By Prudence Arobani
Dame Julie Okah-Donli, Director-General, National Agency for the Prohibition of Trafficking in Persons (NAPTIP), said no fewer than 13,000 trafficked persons have been rescued by the agency.
Okah-Donli disclosed this in an interview with the Correspondent of the News Agency of Nigeria (NAN) in New York at the premiere of a movie about human trafficking in Nigeria.
The movie, ‘Mrs Adams’, which premiered at the Nigeria House, came at a time Nigerians and Africans were taking the perilous Mediterranean Sea route to Europe, and was produced by QueenBlessing Itua.
“So far, we’ve rescued over 13,000 victims, we’ve prosecuted about 339 traffickers and we’ve rehabilitated about 8,000 victims as well,” she said.
According to her, the prostitution trade, which draws its recruits mainly from human trafficking, is estimated at roughly 150 billion dollars business.
She, however, cautioned Nigerians against referring to trafficked persons as prostitutes, saying they are victims, not criminals adding “a prostitute works for herself and cuts the shots”.
“But somebody who is sexually exploited does not work for herself, she work for someone else; she does not even have the freedom or access to the money”.
She said many victims were scared to talk because most traffickers were known to them – family friends, boyfriends, brothers, fear of reprisals or death because of sworn oath.
“Some of them came back with all sorts of conditions – some treatable, some untreatable, some with hepatitis, HIV, some with full-blown AIDS,” she said, adding many of the victims has psychological problems.
“A lot of them come back mentally sick and so we have to refer them to the mental hospitals because they were traumatised, they’ve been beaten, raped and used.”
Okah-Donli regretted that while NAPTIP tried to arrest the perpetrators, they sometimes connived with some law enforcement officers, who were supposed to protect the victims, and allowed them to escape.
According to her, NAPTIP is making a case to ensure that NAPTIP officials are at the airports and borders to check such abuses.
She said human trafficking involved recruitment, transporting and harbouring of human beings to exploit them sexually, for forced labour or for the purpose of organ harvesting through force, deceit, abduction, or fraud.
She accused destination countries of irregular migrants of corruption at the detention centres, saying that is where people go to buy them for organ harvesting, sexual exploitation and forced labour.
The NAPTIP chief, in an emotion-laden narrative, decried the rampant cases of organ harvesting, whereby people waiting for transplant went to the ‘black markets’ to buy the organs.

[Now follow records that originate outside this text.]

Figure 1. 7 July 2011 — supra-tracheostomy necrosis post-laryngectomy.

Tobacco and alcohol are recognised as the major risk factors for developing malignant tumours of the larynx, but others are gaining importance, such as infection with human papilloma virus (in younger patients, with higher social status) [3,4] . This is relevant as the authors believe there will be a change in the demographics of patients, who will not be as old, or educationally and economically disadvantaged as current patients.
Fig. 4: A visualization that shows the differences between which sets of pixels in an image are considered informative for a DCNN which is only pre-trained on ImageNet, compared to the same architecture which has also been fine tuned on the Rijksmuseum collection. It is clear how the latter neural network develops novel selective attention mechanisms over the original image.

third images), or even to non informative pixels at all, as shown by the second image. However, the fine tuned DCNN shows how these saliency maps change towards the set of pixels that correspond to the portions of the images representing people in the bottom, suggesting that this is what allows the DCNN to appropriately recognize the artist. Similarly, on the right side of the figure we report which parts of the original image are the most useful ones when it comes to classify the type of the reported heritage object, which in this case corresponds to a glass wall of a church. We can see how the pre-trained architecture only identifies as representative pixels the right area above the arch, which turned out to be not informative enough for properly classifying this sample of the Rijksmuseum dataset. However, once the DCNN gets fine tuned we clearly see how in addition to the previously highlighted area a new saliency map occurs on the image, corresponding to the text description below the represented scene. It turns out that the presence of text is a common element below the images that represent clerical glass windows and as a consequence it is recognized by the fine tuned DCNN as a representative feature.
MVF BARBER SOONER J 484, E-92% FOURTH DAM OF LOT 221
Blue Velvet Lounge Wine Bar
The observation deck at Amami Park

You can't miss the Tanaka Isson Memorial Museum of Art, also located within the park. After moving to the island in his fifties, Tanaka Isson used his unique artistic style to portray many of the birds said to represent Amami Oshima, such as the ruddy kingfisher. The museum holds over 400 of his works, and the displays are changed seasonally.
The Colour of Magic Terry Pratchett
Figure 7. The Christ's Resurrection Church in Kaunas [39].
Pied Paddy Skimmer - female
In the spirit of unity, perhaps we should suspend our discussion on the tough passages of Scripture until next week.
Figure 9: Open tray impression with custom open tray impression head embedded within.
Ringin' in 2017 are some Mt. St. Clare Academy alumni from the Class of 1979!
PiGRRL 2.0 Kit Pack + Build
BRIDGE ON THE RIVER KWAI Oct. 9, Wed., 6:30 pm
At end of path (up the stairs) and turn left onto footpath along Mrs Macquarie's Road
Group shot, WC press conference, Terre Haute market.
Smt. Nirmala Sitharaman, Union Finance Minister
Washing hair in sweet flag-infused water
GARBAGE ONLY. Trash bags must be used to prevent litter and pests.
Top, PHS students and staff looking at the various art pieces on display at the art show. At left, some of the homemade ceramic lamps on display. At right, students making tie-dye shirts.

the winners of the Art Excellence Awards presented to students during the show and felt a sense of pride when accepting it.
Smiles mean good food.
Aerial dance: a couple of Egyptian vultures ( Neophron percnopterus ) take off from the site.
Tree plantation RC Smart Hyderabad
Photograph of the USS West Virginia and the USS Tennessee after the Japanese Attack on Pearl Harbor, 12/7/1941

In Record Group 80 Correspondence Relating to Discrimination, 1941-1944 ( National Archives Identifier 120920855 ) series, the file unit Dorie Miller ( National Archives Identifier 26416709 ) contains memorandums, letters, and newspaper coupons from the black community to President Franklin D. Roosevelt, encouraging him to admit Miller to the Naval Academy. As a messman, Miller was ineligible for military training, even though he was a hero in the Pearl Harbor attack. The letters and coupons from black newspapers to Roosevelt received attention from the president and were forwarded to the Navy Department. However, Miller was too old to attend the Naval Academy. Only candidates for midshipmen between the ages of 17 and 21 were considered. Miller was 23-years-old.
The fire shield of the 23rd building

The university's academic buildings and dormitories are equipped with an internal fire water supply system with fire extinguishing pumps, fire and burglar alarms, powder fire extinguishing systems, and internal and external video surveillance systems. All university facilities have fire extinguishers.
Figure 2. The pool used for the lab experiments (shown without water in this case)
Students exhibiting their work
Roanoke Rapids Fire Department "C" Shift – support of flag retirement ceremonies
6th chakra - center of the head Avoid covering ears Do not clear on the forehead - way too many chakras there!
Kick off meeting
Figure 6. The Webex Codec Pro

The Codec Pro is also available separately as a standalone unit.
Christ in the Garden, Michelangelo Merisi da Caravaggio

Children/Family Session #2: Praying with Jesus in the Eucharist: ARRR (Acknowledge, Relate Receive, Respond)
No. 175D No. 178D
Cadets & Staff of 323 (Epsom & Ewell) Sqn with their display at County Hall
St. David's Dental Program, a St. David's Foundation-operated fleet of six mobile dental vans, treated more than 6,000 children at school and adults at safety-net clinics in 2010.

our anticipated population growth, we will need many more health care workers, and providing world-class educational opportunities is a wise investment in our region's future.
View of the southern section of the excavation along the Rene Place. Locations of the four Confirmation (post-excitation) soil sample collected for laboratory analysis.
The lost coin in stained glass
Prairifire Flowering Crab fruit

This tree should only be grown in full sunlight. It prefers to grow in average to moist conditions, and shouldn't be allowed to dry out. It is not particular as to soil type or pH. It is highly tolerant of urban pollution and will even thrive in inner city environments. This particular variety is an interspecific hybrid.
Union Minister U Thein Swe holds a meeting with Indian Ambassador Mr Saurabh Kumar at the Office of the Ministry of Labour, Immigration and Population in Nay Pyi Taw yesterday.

“People buy men, women, boys and girls, and use them for sexual purposes or for taking their organs off them and using them for whatever purpose or sell them outrightly.”
She said the Federal Government was responding to trafficking in persons through the domestication of the UN Convention on Transnational Organised Crimes and establishment of NAPTIP, among others.
Okah-Donli added that trafficked persons, when rescued by NAPTIP, were counselled, treated, some went back to school while some were trained in skills acquisition programmes.
“For us, ‘prevention is better than cure’. We try to prevent by sensitising everyone and of course we are trying to change the mindset of our youth who think that anything outside Nigeria is the best.
“They think when they go abroad, there’s work waiting for them, there’s money everywhere. So we’re trying to make them believe, first of all, in their country and in themselves.”
The NAPTIP chief said the Federal Government was signing bilateral agreements with the various countries of destination adding, it planned to sign mutual legal assistance with all the endemic countries.
NAN reports that another book, authored by Itua, ‘We are the Blessings of Africa’, which stressed the urgent need to change the perception about Africa adding, was also launched at the event.
It was attended by Nigeria’s Permanent Representative to the UN, Prof. Tijjani Bande, his Deputy, Amb. Samson Itegboje, and Senior Special Assistant to the Wife of the President, Dr Hajo Sani.
Others were Nigeria’s Consul-General in New York Tanko Suleiman, representative of the Minister of Women Affairs, governors’ wives, commissioners for women affairs, and the civil society organisations.